Síndrome de Blue Rubber Bleb Nevus: Um Diagnóstico Tardio
Neoplasias gastrointestinais · Neoplasias da pele · Nevo azul
An 80-year-old woman was referred to our department following a positive fecal occult blood test. From her medical record, we noted a long-standing rheumatoid arthritis. She was chronically treated with methotrexate, prednisolone, and pantoprazole. No relevant family history was recorded.
Physical examination revealed multiple nonpulsatile nodular purplish lesions on her lips and tongue surface, easily compressible and promptly refilled afterwards (Fig. 1). The lesions were present since childhood and although they grew in size, they only troubled the patient in rare episodes of self-limiting bleeding secondary to trauma. Laboratory tests were normal. She underwent a colonoscopy and an upper endoscopy and we noticed multiple purplish lesions of similar characteristics in the rectum (Fig. 2), hypopharynx, and esophagus (Fig. 3), without stigmata of recent hemorrhage, but not in the colon, stomach, or duodenum. The characteristics of these lesions were consistent with hemangiomas. Small-bowel video capsule endoscopy also revealed multiple hemangiomas in the jejunum and distal ileum.

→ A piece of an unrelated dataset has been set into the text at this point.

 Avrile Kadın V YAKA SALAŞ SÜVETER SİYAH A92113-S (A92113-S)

We assumed the diagnosis of a multifocal venous vascular malformation, with cutaneous and gastrointestinal involvement. A computed tomography of the brain, chest, abdomen, and pelvis was performed, showing no other vascular malformations or bone deformities with the exception of those in the cervical spine consistent with rheumatoid arthritis.

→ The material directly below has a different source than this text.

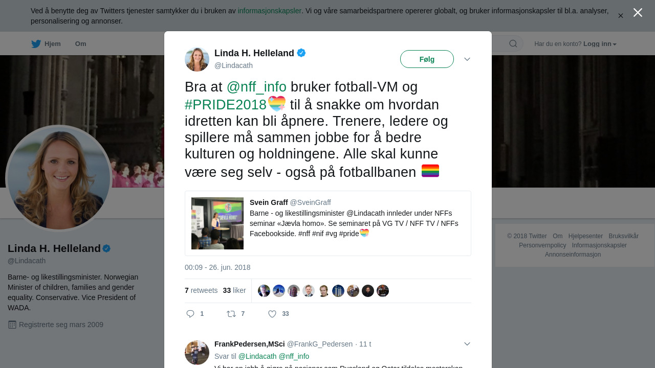 Bra at @nff_info bruker fotball-VM og #PRIDE2018 til å snakke om hvordan idretten kan bli åpnere. Trenere, ledere og spillere må sammen jobbe for å bedre kulturen og holdningene. Alle skal kunne være seg selv - også på fotballbanen 🏳️🌈 https://t.co/g1IyWP0mUQ

Given the clinical and imagiological features, we established the diagnosis of a sporadic type of blue rubber bleb nevus syndrome (BRBNS). BRBNS is a rare syndrome and should be considered in the presence of multifocal hemangiomas, preferably in the skin and gastrointestinal tract. BRBNS should be differentiated from other syndromes that occur with cutaneous and visceral vascular malformations, like Rendu-Osler-Weber, Klippel-Trenaunay, and Maffucci syndromes. Its pathogenesis is poorly understood. A family association has already been identified (linked to chromosome 9p), although sporadic type is the commonest. In most cases, hemangiomas are asymptomatic and symptoms are usually the result of its mass effect or rupture with bleeding [1,2,3,4].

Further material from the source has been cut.